From September 2018 - September 2019, Teapot Trust is conducting a multi-site Service Review to evaluate the impact of art therapy in two tertiary rheumatology services in Scotland.

The Service Review is being done in partnership with Royal Hospital for Children, Glasgow and Royal Hospital for Sick Children, Edinburgh. 


  • Dr Patricia Watts, Teapot Trust Art Therapist (Royal Hospital for Children, Glasgow)
  • Emily Farrugia, Teapot Trust Art Therapist (Royal Hospital for Sick Children, Edinburgh)
  • Dr Joyce Davidson, Lead Clinician Paediatric Rheumatology (Royal Hospital for Sick Children, Edinburgh)
  • Dr Jo Walsh, Lead Clinician Paediatric Rheumatology (Royal Hospital for Children, Glasgow)
  • Dr Kristin Leith, Research Co-ordinator, Teapot Trust


To better understand

  • which patients are referred to art therapy;
  • why they are referred;
  • the levels of engagement and acceptability of therapy; and
  • the benefits resulting in improved outcome;

As part of this evaluation project, a standardised service evaluation framework is being developed to facilitate future service reviews in hospitals where Teapot Trust provides early intervention art therapy.
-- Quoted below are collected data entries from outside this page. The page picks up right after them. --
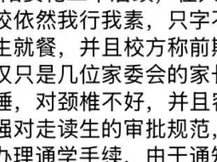 不少家长指出,学校的公开回应只是转移焦点,避重就轻。所谓“食堂条件提升,足以满足学生就餐”,完全回避了强制学生在校消费的核心矛盾。更令人愤慨的是,校方竟将“部分家委会成员的赞同”包装为“家长普遍支持”,而事实上,反对声音在家长群体中占据绝对多数。正如一位家长所说:“支持的只是个别被代表的声音,大多数家长根本没同意过。”
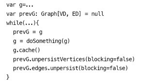 大体之意是根据GraphX中Graph的不变性,对g做操作并赋回给g之后,g已不是原来的g了,而且会在下一轮迭代使用,所以必须cache。另外,必须先用prevG保留住对原来图的引用,并在新图产生后,快速将旧图彻底释放掉。否则,十几轮迭代后,会有内存泄漏问题,很快耗光作业缓存空间。
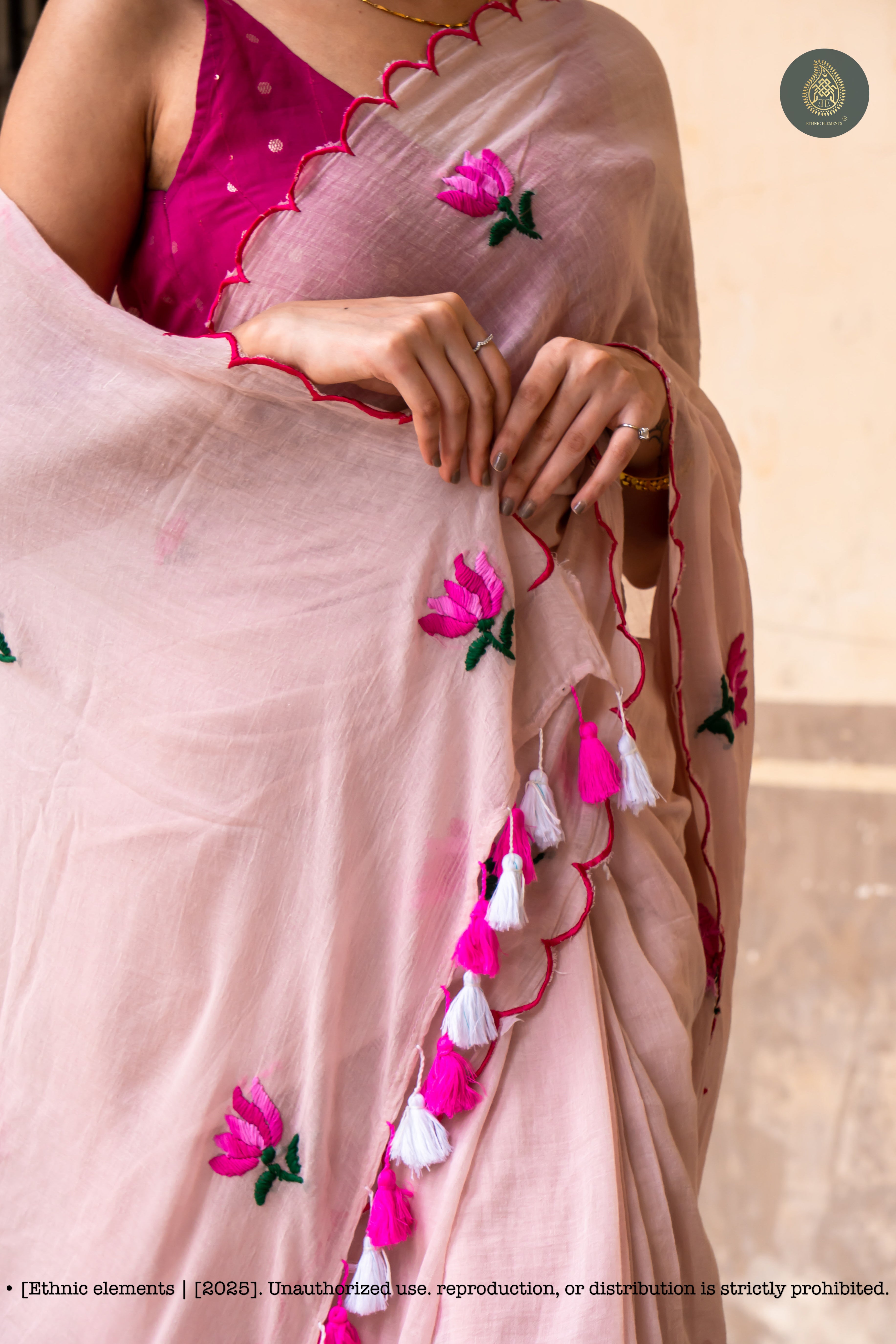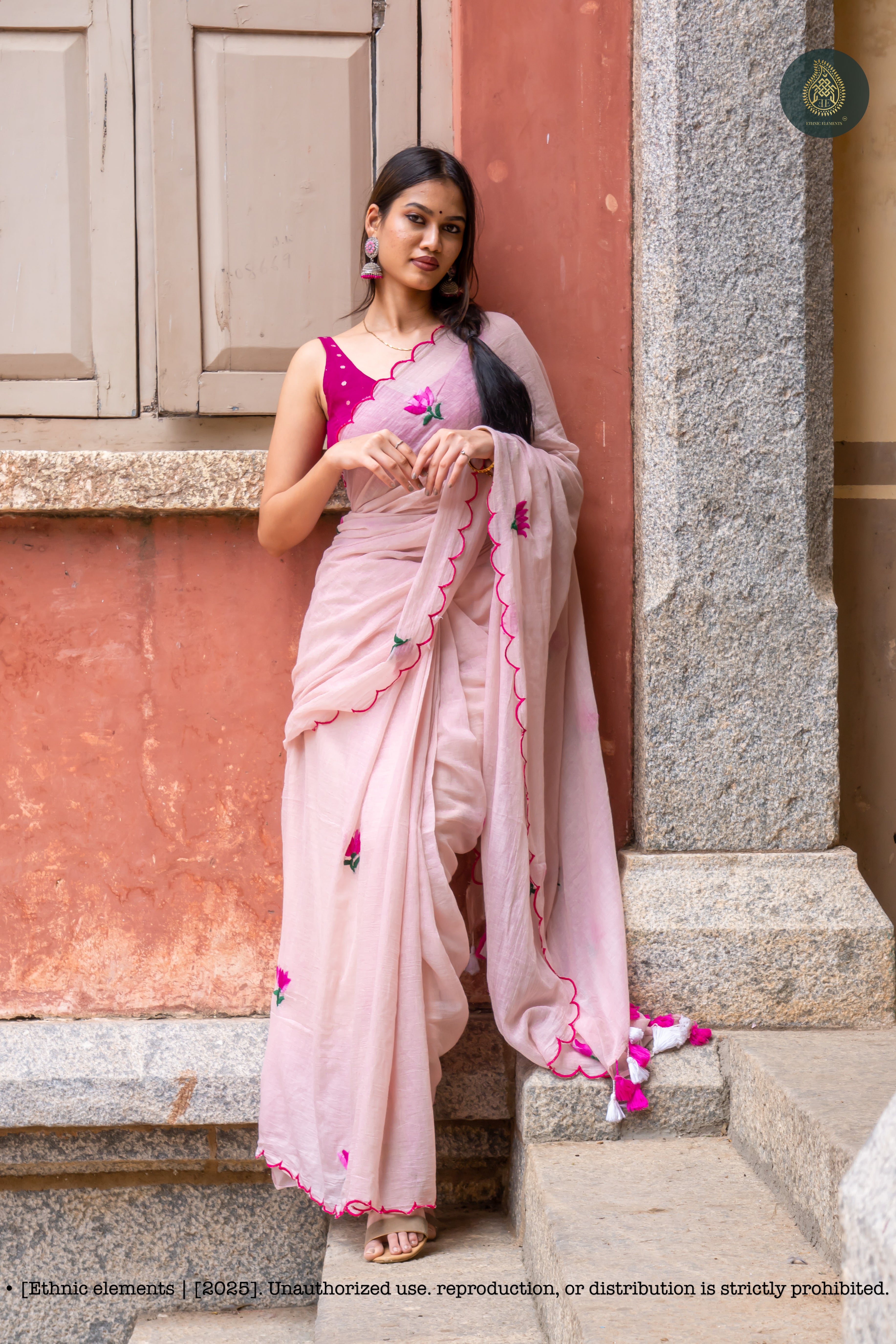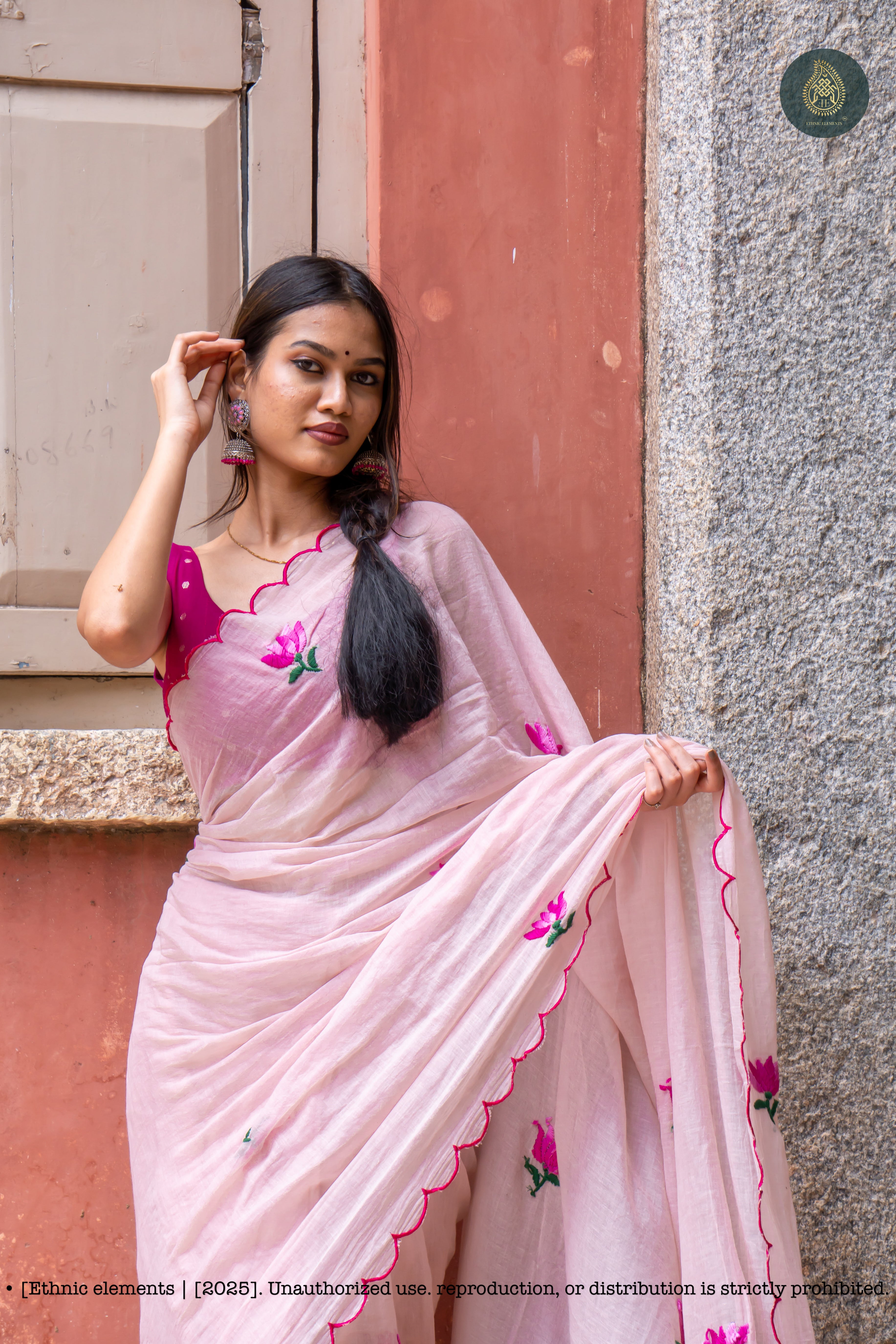 Mul Cotton Saree with Lotus Hand Embroidery Lotus Aura - Pink

This Service Review also represents a first step in developing evidence-based research to investigate the impact and benefit of art therapy in supporting children and young people in paediatric rheumatology.    


Art therapy interventions in various medical settings are known to contribute to the mental health and wellbeing of patients. In paediatric rheumatology there is a well-documented unmet need for psychological support for children and families coping with chronic disease and its treatment. The role that art therapy could have in this provision is unknown and there is no evidence-based research to help understand its potential contribution.


A retrospective review is being conducted of referrals received in the period 2012-2018 to art therapy from paediatric rheumatology services. A mixed method approach is being used for gathering quantitative, secondary and qualitative data.  Quantitative data has been collected by collating numerical and demographic information from referral forms; art therapist service databases; and patient medical records. Secondary and qualitative data is being gathered from pre-existing service information; the use of outcome measurement tools; end of therapy evaluations; end of therapy reports and patient feedback forms.